> [Instructions to follow]: Return the stretch from the line with "The new aluminum" through the line with "Step 3: Add" in the data below, character for character, skipping all pictures.
Provided material below:
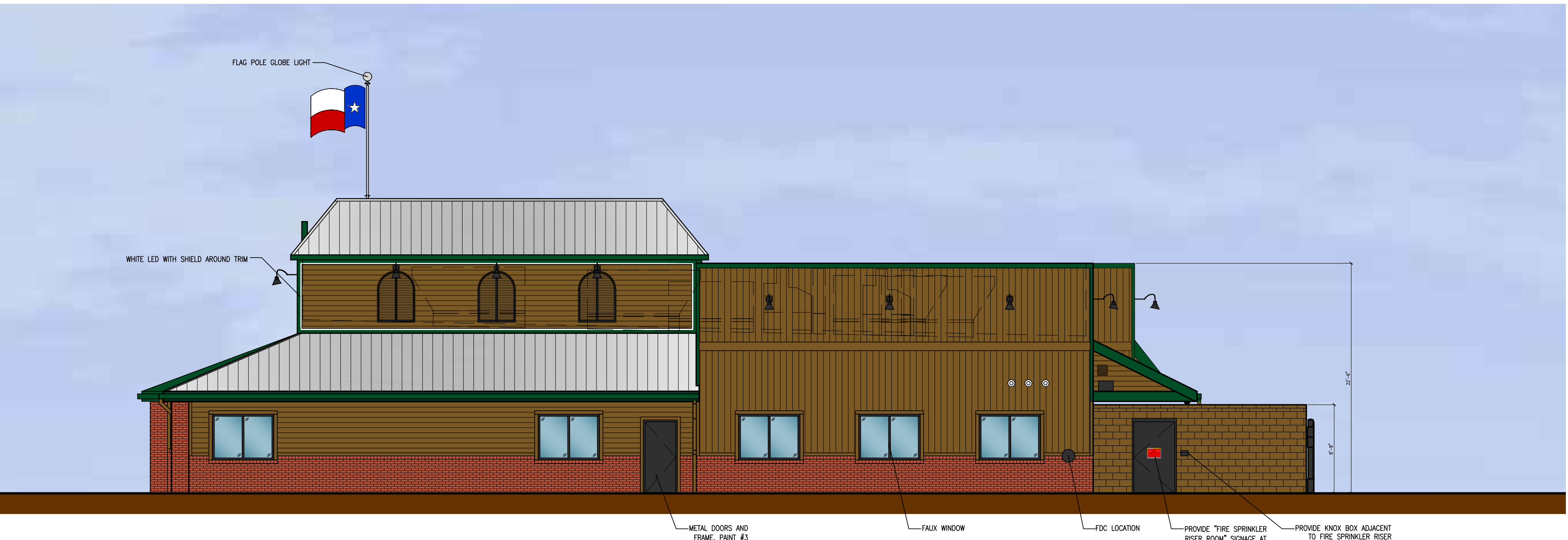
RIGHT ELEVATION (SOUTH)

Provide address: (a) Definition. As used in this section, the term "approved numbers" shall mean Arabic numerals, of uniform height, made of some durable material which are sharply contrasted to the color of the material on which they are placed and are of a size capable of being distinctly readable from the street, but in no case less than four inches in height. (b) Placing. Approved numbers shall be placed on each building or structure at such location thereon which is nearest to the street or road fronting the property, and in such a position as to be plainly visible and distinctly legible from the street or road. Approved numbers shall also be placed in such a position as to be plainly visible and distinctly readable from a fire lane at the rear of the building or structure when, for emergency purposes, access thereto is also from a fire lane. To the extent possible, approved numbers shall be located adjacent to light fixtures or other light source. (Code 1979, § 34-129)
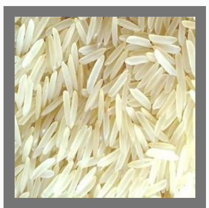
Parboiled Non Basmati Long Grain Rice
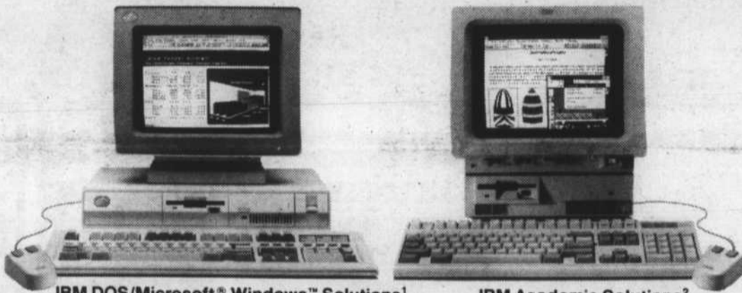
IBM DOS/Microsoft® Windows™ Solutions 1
End of Provided material.
Provided material below:
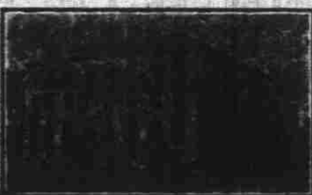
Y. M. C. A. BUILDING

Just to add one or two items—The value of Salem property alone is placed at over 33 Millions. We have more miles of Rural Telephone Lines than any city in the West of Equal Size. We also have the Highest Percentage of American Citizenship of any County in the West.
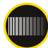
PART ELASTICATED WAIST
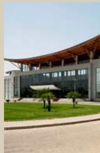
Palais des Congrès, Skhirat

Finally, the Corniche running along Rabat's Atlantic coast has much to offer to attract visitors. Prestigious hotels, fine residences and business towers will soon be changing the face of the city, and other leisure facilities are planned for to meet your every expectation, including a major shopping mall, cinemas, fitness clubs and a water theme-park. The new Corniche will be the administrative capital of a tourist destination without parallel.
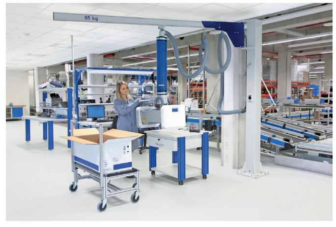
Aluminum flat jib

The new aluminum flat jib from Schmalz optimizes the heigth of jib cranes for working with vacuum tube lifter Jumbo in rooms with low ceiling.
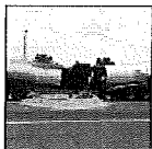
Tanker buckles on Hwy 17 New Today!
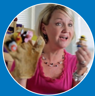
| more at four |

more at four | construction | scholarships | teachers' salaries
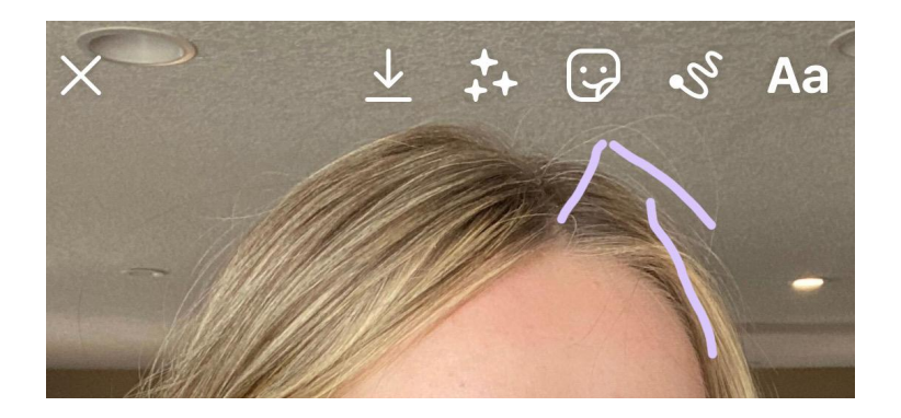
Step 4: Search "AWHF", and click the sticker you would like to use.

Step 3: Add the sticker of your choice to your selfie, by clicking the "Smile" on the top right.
End of Provided material.
> [Completed task]:
The new aluminum flat jib from Schmalz optimizes the heigth of jib cranes for working with vacuum tube lifter Jumbo in rooms with low ceiling.
Tanker buckles on Hwy 17 New Today!
| more at four |

more at four | construction | scholarships | teachers' salaries
Step 4: Search "AWHF", and click the sticker you would like to use.

Step 3: Add the sticker of your choice to your selfie, by clicking the "Smile" on the top right.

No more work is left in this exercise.